__EXERCISE DIRECTIONS__.
Set the listing down again in full, word for word, with the pictures left out.
___ STORED DATA ___
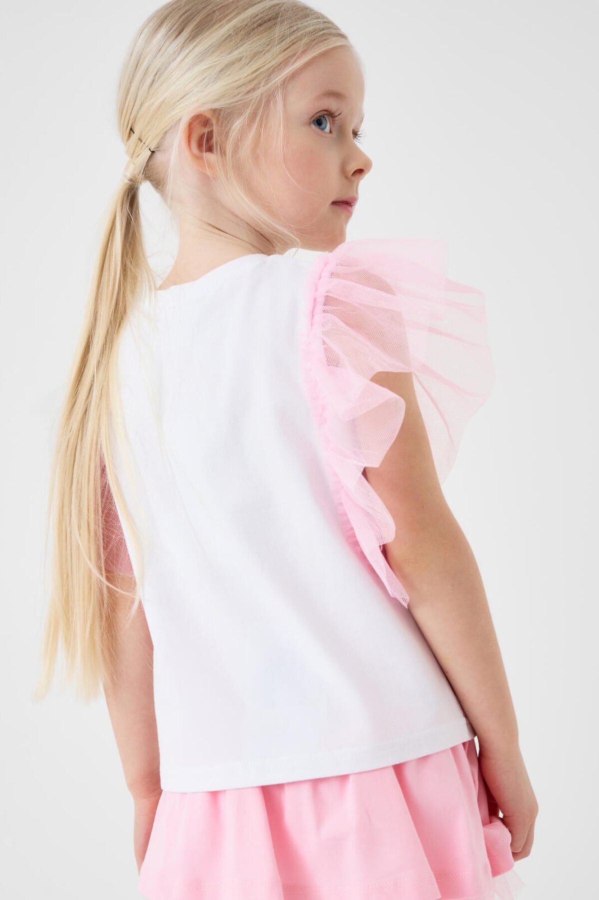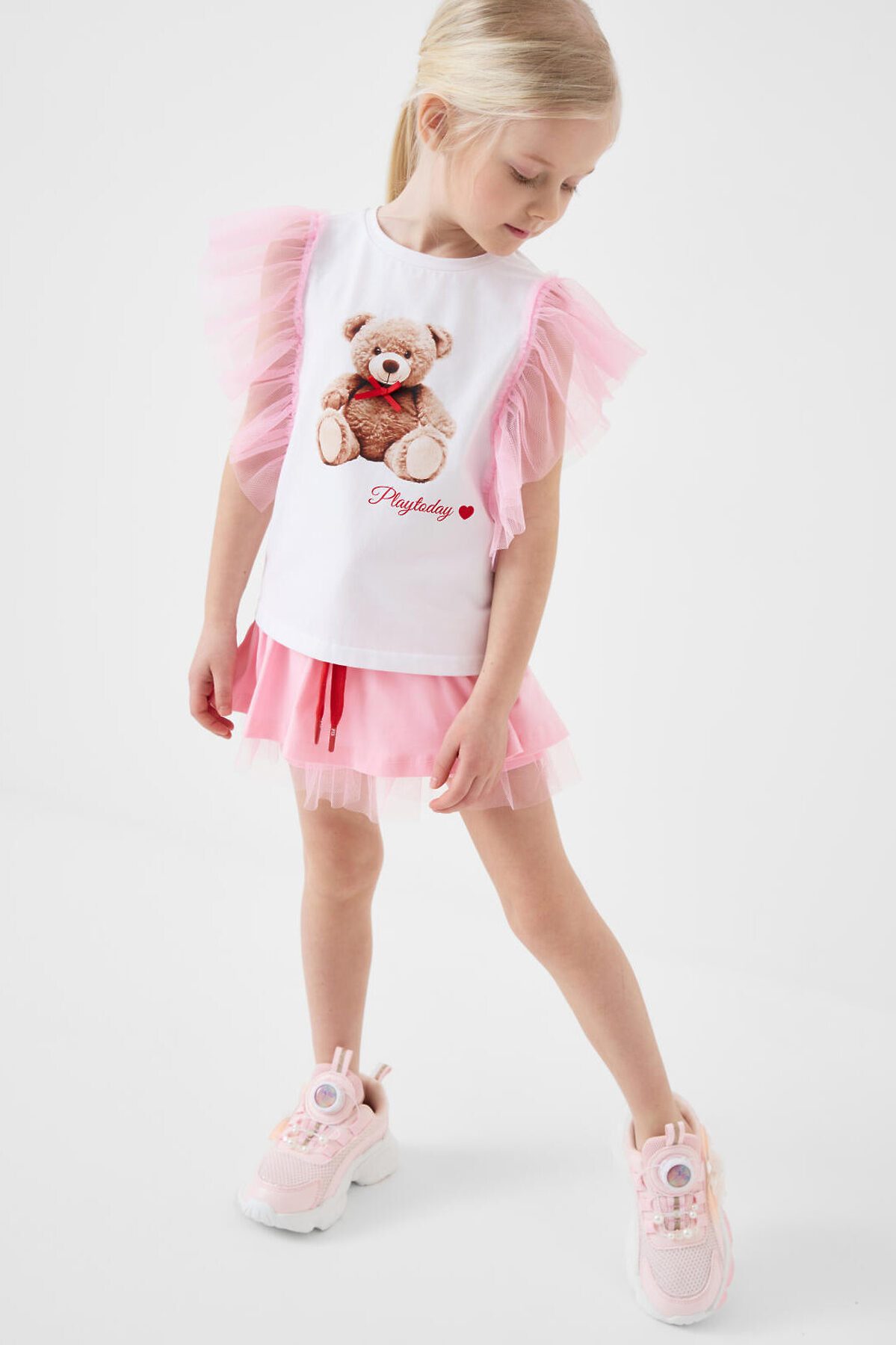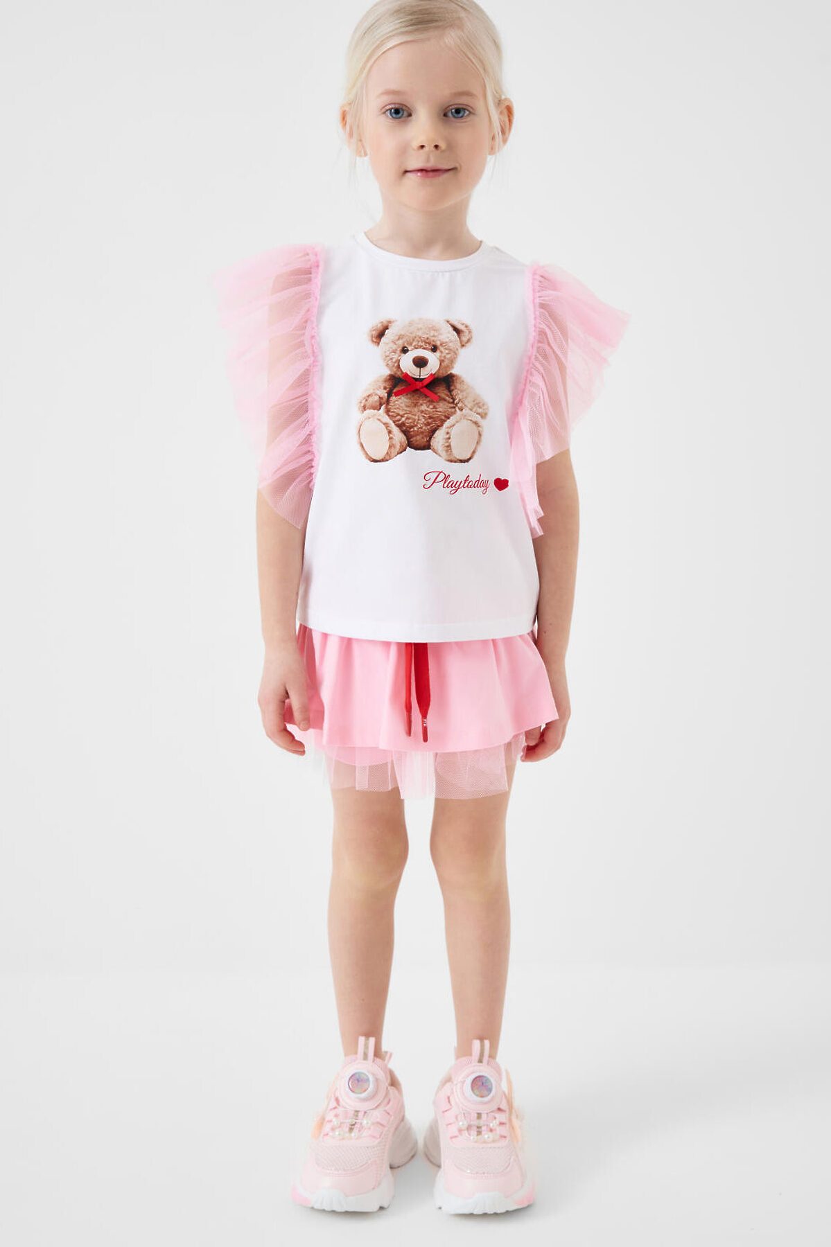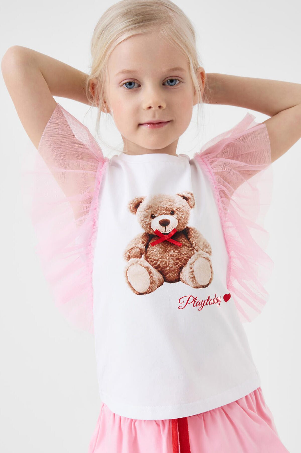 Детская футболка для девочки. Модель прямого кроя, выполнена из эластичного хлопкового трикотажа джерси. Спереди - принт с милым мишкой. Горловина круглая. Рукава-крылышки из сетки.
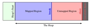 Linux维护一个break指针,这个指针指向堆空间的某个地址。从堆起始地址到break之间的地址空间为映射好的,可以供进程访问;而从break往上,是未映射的地址空间,如果访问这段空间则程序会报错。
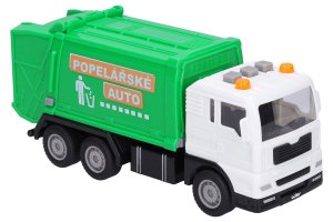 Auto smetiarske - Míša Růžičková. Veľkosť 17 cm. Na zotrvačník. Svetelné a zvukové efekty, tlačidlami na kabíne 3 pesníčky Míši Růžičkové - Smetiari, Policajná, Sanitka. 3xAG13 batérie súčasťou.
___
__TASK SOLUTION__.
 Детская футболка для девочки. Модель прямого кроя, выполнена из эластичного хлопкового трикотажа джерси. Спереди - принт с милым мишкой. Горловина круглая. Рукава-крылышки из сетки.
 Linux维护一个break指针,这个指针指向堆空间的某个地址。从堆起始地址到break之间的地址空间为映射好的,可以供进程访问;而从break往上,是未映射的地址空间,如果访问这段空间则程序会报错。
 Auto smetiarske - Míša Růžičková. Veľkosť 17 cm. Na zotrvačník. Svetelné a zvukové efekty, tlačidlami na kabíne 3 pesníčky Míši Růžičkové - Smetiari, Policajná, Sanitka. 3xAG13 batérie súčasťou.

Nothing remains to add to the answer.